BEGIN MATERIALS PROVIDED
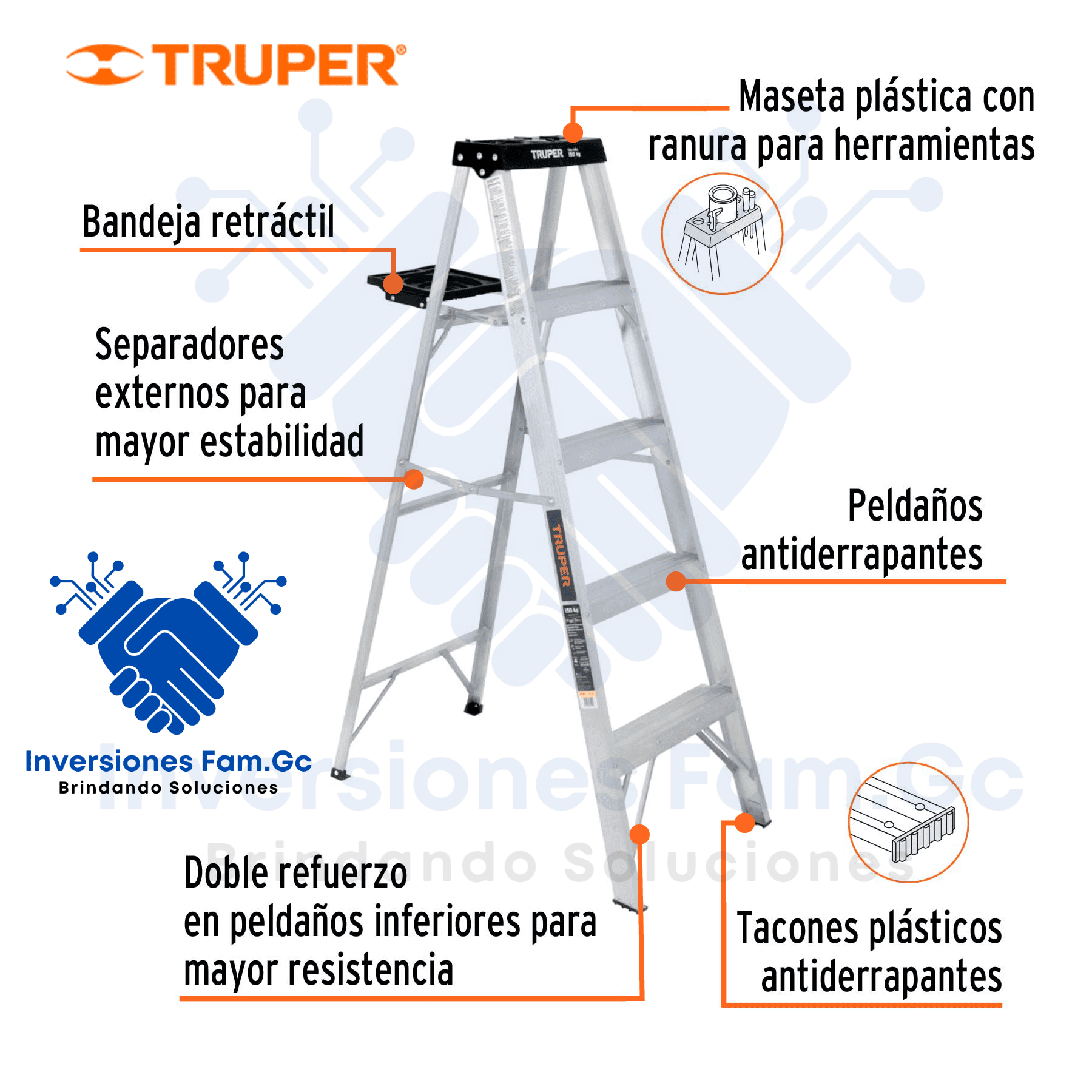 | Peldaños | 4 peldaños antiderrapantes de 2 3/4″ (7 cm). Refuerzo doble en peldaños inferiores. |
END MATERIALS PROVIDED
BEGIN MATERIALS PROVIDED
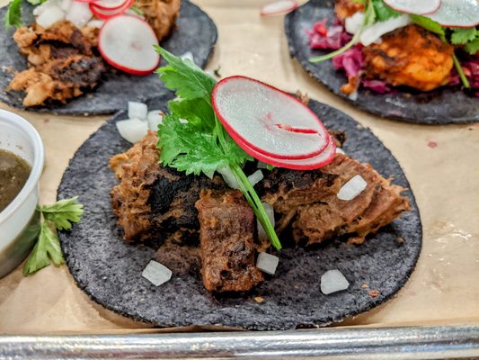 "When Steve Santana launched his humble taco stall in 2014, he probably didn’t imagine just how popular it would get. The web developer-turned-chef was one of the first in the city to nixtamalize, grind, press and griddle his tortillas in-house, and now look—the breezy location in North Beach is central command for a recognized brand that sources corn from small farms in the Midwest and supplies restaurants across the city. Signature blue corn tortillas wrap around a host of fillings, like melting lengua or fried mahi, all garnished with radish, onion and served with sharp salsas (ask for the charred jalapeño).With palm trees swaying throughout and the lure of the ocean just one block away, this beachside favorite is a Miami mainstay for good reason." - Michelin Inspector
END MATERIALS PROVIDED
BEGIN MATERIALS PROVIDED
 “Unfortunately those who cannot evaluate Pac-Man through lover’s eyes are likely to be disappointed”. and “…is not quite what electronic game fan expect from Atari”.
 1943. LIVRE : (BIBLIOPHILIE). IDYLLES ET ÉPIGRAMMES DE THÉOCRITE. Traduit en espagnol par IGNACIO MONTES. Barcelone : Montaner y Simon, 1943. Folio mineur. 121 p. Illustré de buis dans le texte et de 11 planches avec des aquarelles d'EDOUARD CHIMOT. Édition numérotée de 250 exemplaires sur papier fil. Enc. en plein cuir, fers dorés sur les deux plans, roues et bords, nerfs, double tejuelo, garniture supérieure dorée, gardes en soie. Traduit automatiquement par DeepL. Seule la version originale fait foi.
END MATERIALS PROVIDED
- DIRECTIONS FOR THIS TASK -
Out of the entries above, write out only the lines between the line holding "those who cannot" and the line holding "1943. LIVRE : (BIBLIOPHILIE).", inclusive, each exactly as given.

- FINISHED TASK -
 “Unfortunately those who cannot evaluate Pac-Man through lover’s eyes are likely to be disappointed”. and “…is not quite what electronic game fan expect from Atari”.
 1943. LIVRE : (BIBLIOPHILIE). IDYLLES ET ÉPIGRAMMES DE THÉOCRITE. Traduit en espagnol par IGNACIO MONTES. Barcelone : Montaner y Simon, 1943. Folio mineur. 121 p. Illustré de buis dans le texte et de 11 planches avec des aquarelles d'EDOUARD CHIMOT. Édition numérotée de 250 exemplaires sur papier fil. Enc. en plein cuir, fers dorés sur les deux plans, roues et bords, nerfs, double tejuelo, garniture supérieure dorée, gardes en soie. Traduit automatiquement par DeepL. Seule la version originale fait foi.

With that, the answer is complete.